The study found that women constituents were more concerned about issues like water supply and road connectivity than men. As many as 31 percent of women's complaints were about drinking water, and 31 percent were about road improvement in West Bengal, compared to 17 percent and 25 percent of men's, respectively. In Rajasthan, 54 percent of women's complaints were about drinking water and 19 percent about welfare programmes compared to 43 percent and 3 percent of men's, respectively, according to the study.

Unlike West Bengal, women in Rajasthan complained less frequently about roads. Village councils reserved for women invested in 2.62 more drinking water facilities, on average, and made fewer improvements in road conditions, “leading to 8 percent deterioration”, added the study on impact on women’s reservation.

In other states, quotas led to improved child health and nutrition, increased female entrepreneurship and heightened police responsiveness to crimes against women, J-PAL reported.

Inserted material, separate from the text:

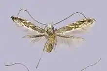 The wingspan is 7.5–11 mm. The forewings are brown with a narrow white band on the dorsum from the base to 2/3 of the entire length. There are three pairs of narrow white bands beginning at the costal and dorsal margin near 1/2 to 3/4 length of the wing and extending obliquely toward the wing apex, terminating before reaching mid-width of the wing. There is a narrow silver band with metallic reflection extending from the costa to the dorsum at 5/6 length and the distal 1/6 is orange-brown with a black dot centrally, franked by a short white band near the dorsum. The distal end is fringed with a narrow white band. The hindwings are brown.

In the 32 women-led panchayats IndiaSpend surveyed across six districts of Tamil Nadu for a five-part series, 30 percent women said they would like to contest the upcoming panchayat elections even when their seat was an unreserved one. Also, 15 percent women said they would like to enter mainstream electoral party politics if given a chance. Across districts women complained of patriarchal hostility and caste bias.

In their search for fresh candidates, political parties in Tamil Nadu tend to ignore the large pool of successful women panchayat leaders politics and those who do join active politics are rarely allowed to rise up the hierarchy, our investigations found.